### Work required
Write each line out exactly, from the one containing "Green Camo Alien" through the final line of the data, and keep pictures out of the copy.

### Data provided

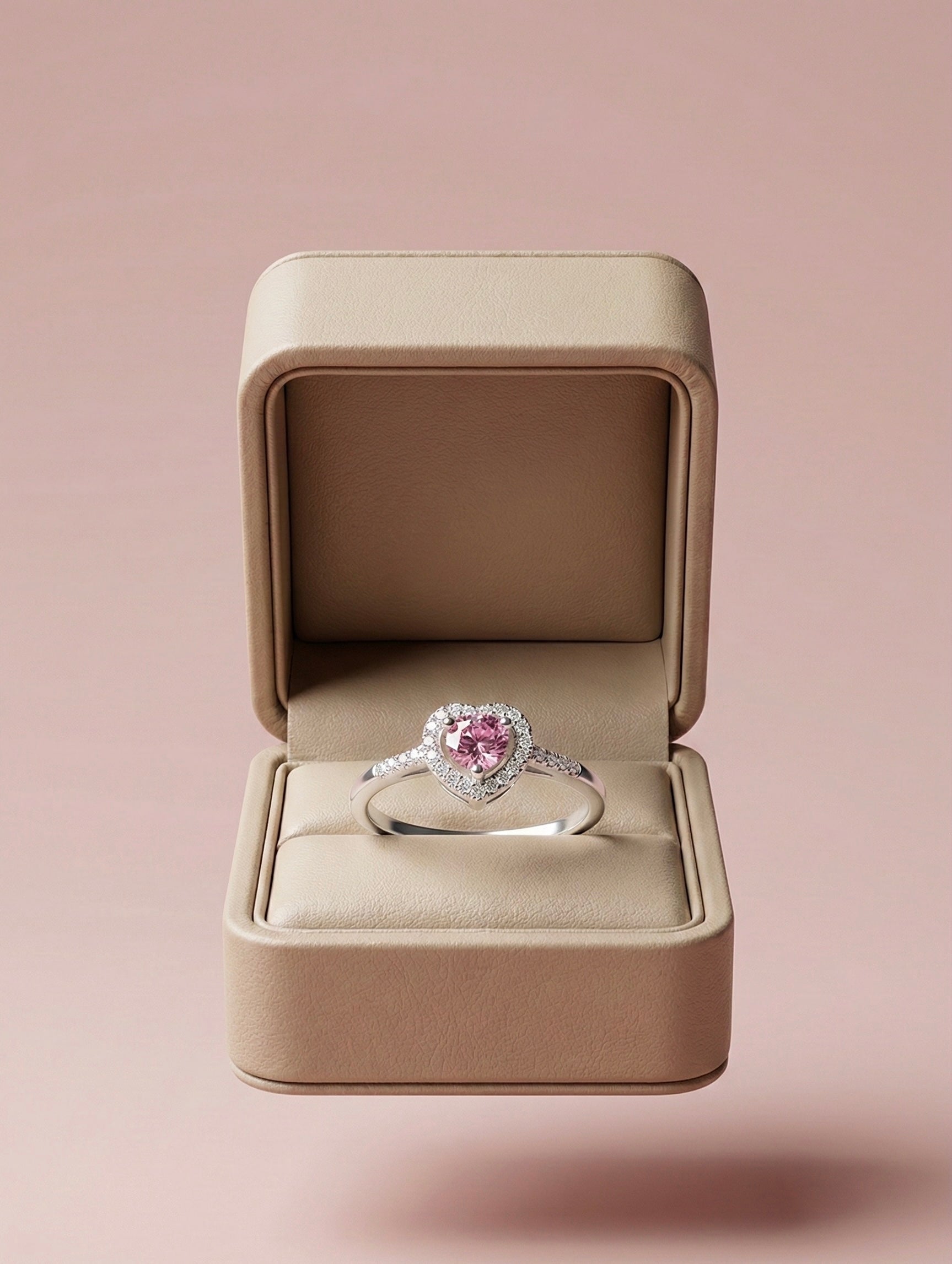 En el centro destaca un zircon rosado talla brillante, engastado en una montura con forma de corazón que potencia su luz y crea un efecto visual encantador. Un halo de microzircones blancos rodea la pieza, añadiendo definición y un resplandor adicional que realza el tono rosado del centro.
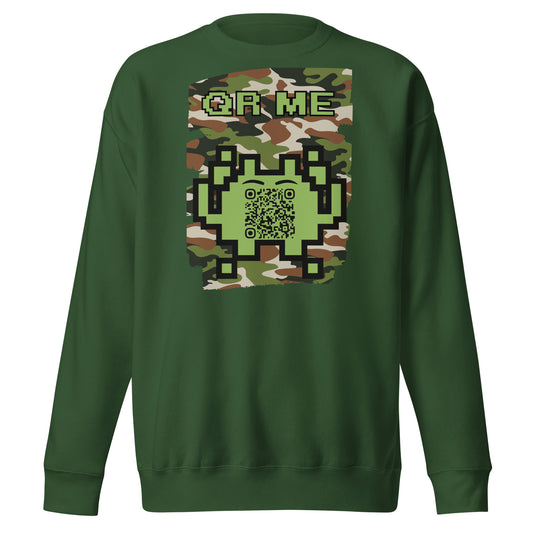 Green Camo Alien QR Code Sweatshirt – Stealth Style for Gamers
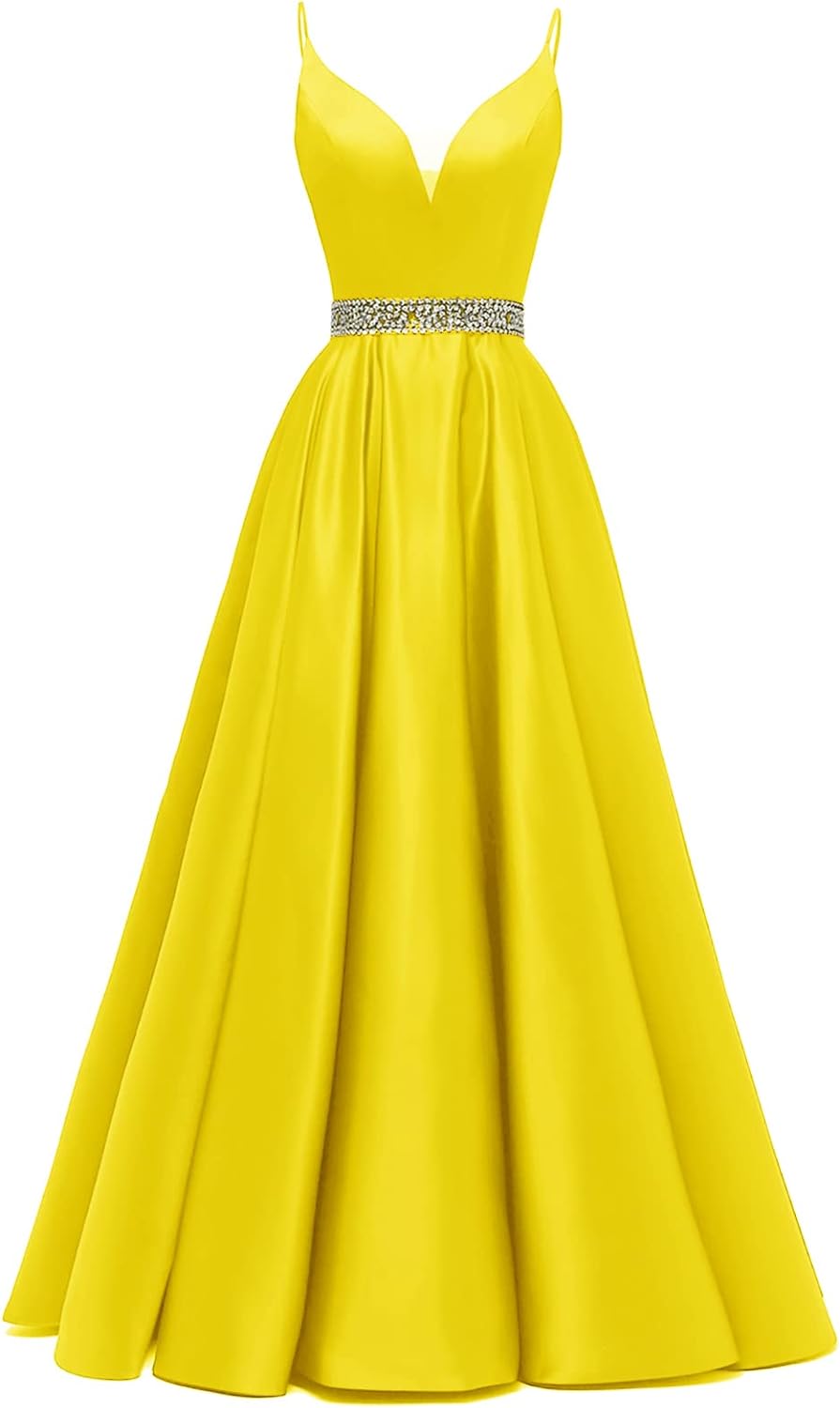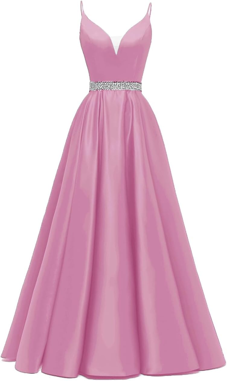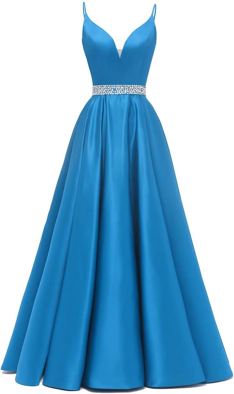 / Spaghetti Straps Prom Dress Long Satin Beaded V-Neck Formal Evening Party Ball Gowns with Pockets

### Solution for this exercise
 Green Camo Alien QR Code Sweatshirt – Stealth Style for Gamers
 / Spaghetti Straps Prom Dress Long Satin Beaded V-Neck Formal Evening Party Ball Gowns with Pockets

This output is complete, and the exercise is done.